Main Point: Indonesia and Malaysia want to be influential at the multibilion dollar fashion industry
The Qur’an, Islam’s most holy text, advises women to “dress modestly and draw their veils over their bodies”. Combining these religiously inspired guidelines with fashion-forward creativity, designers from Southeast Asia, particularly Indonesia and Malaysia, are beginning to make their mark on the fast-growing global market for Islamic fashion.
One of the most successful is Jakartan designer Anniesa Hasibuan, who made history during September’s New York Fashion Week (NYFW), one of the most important fixtures in the fashion calendar, when she became the first Indonesian to show at one of the event’s official venues.
Equally groundbreaking was the Islamic thread running through her collection, providing another first in the history of NYFW: all outfits in the collection were paired with a hijab.
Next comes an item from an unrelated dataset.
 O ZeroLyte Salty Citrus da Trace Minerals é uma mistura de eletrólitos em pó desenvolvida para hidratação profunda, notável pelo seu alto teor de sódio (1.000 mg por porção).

Hasibuan’s D’Jakarta collection was reportedly inspired by her love for the diverse vibrancy of her home city. Featuring modest, yet intricately designed, gowns and tunics, the showcase earned the designer a rapturous standing ovation. Notable fashion publications including Elle and Teen Vogue heaped praise on the designer in the aftermath.
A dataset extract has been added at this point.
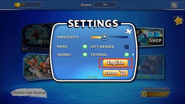 在“settings”界面里点击“English”选项。

Globally, the already significant demand for Islamic clothing is rising. According to Thomson Reuters’ State of the Global Islamic Economy Report 2015-2016, revenues generated by purchases of modest clothing by Muslim women in 2015 were estimated at $44 billion. The same report predicts that by 2021, overall Muslim spending on clothing will reach $368 billion. As the report states: “The clothing may be modest; its success is anything but.”